Before you try to write about a poem, read it out loud.

It’s difficult for us to think of reading poetry as a skill that we must develop.  For at least the last 200 years (but, interestingly enough, not much longer than that) we have thought of poetry as a literary genre that is primarily emotive and deeply personal.  In other words, a poem is either the expression of the poet’s most dearly held thoughts and therefore not available to interpretation by an “outsider,” or it is the expression of anyone’s most dearly held thoughts, and therefore available to just about any interpretation we wish to put on it.  In neither of these formulations is the understanding and interpretation of poetry work.

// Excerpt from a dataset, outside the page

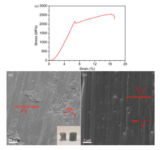 Compression test was performed at room temperature. Figure 11 shows the engineering compression stress–strain curve for the (W35Ta35Mo15Nb15)95Ni5 RHEA. The compressive mechanical property of the bulk (W35Ta35Mo15Nb15)95Ni5 RHEA and typical refractory HEAs reported were summarized in Table 1. In contrast with other typical RHEAs, the (W35Ta35Mo15Nb15)95Ni5 RHEA possesses the advantages of both high strength and high fracture strain. It is necessary to take the microstructure and crystal structure of each phase into account to analyze the factors of the outstanding mechanical properties for the (W35Ta35Mo15Nb15)95Ni5 RHEA. Firstly, solid solution strengthening is an intrinsic concept of HEAs on account of a severe lattice distortion [2]. Furthermore, unlike the typical as-casted RHEAs that have larger coarse-grains (grain size: 50–100 μm) [21], the as-sintered (W35Ta35Mo15Nb15)95Ni5 RHEA displays a much finer and more homogeneous microstructure (grain size was approximately 3.25 μm), implying that grain boundary strengthening play a dominant part in the strength improvement. Grain boundary strengthening mechanism is described by the Hall–Petch formula (, where is the Hall–Petch coefficient and d is the average grain size). In addition, it should be noted that the (W35Ta35Mo15Nb15)95Ni5 RHEA in this study has marginal volume fraction of oxide inclusion phases Nb5.7Ni4Ta2.3O2 which contribute to the precipitation strengthening. Generally, precipitation strengthening mechanism complies with Orowan dislocation bypass mechanism or dislocation shearing mechanism. Given the two mechanisms traits, the high shear modulus and hardness of the oxide inclusion, Orowan dislocation bypass mechanism is more appropriate to assess the contribution of precipitate-reinforce mechanism. Finally, it is inevitable that interstitial elements such as O, N, C, etc, are introduced during the MA and SPS process, which contributes to interstitial solid solution strengthening [22]. Figure 11b,c depict compressive fracture morphologies of the (W35Ta35Mo15Nb15)95Ni5 RHEA at room temperature. We can deduce that the compressive fracture mode is cleavage fracture from the fracture morphologies present a mixture of river-like pattern and steps.

And yet anything that is truly rewarding, as we all know, involves work.  And often, the harder the work, the greater the reward. The “work” of understanding poetry involves, at its most basic level, understanding the relationship between, on the one hand, our emotional or affective response to a poem, and, on the other hand, the work that the poet has done to produce that response.  This means looking at how a poem is put together—its structure, its rhythmic and rhyming patterns, the language used, even the organization of sentences—and trying to figure out how the particular combination of structure, language, syntax, rhythm, and rhyme in a given poem works to produce that poem’s unique effect.

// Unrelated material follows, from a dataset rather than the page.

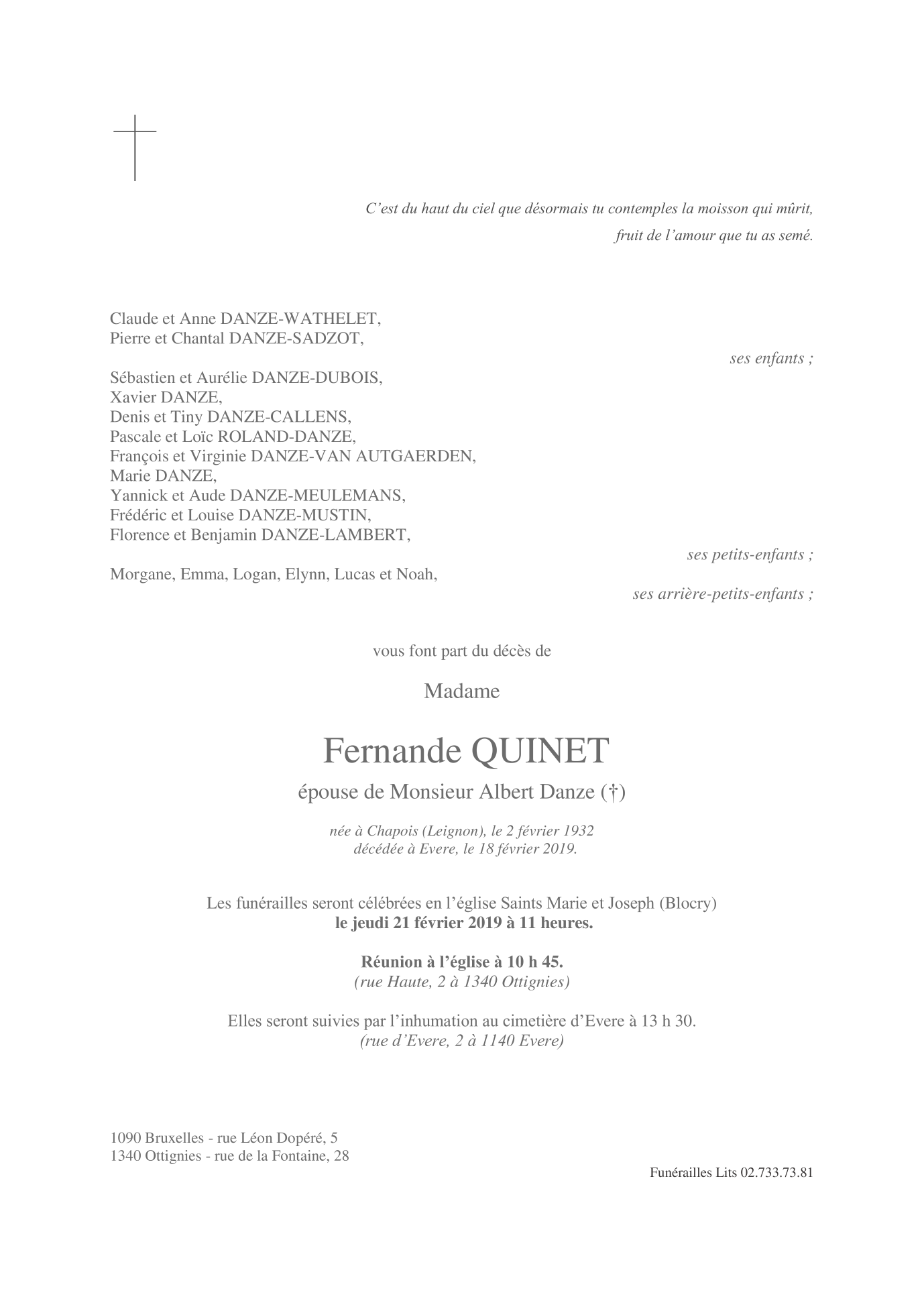 Décédée à Evere (1140) le lundi 18 février 2019 à l'âge de 87 ans

What this should mean for you as readers of poetry is that you should count on spending more time with a new poem than its length might seem to suggest to you.  Poems are often short on words but long in terms of time investment required.  For starters, plan on reading each poem three times.  Your first, fairly quick reading should give you a general sense of what the poem is about, what about it you don’t understand, and what your initial reaction to it is. 

The second time around, read more slowly; pay careful attention to footnotes, if there are any; if there aren’t, look up any unfamiliar words in a dictionary, and write the relevant definitions in the margins or in your notes; try to determine as much as you can about the poem’s structure, and pay closer attention to what puzzled or interested you in the first, brief reading. 

Finally, a third reading should be a synthesis of the first two: now that you know a little more about how the poem works, what can you say in a bit more detail, and with more confidence, about how it makes you feel?

Wait, though; you’re still not done.  After you’ve read the poem three times, made notes, and begun to feel a bit more confident about it, you need to read it one more time: aloud.  This is the part that makes many of us cringe, but it’s absolutely essential to an understanding of how the poem works.  Many words are chosen as much for how they sound as for what they mean or how they look.  Rhyme, rhythm (often called meter), even sentence structure, have a much stronger—sometimes even a different—impact on the poem’s meaning when spoken or heard.

So work through your self-consciousness; find a private place where you can’t be heard; get a partner from this or another class, and read poems to each other.  Do whatever you have to do, but read poetry aloud.  Otherwise, you’re not actually reading it.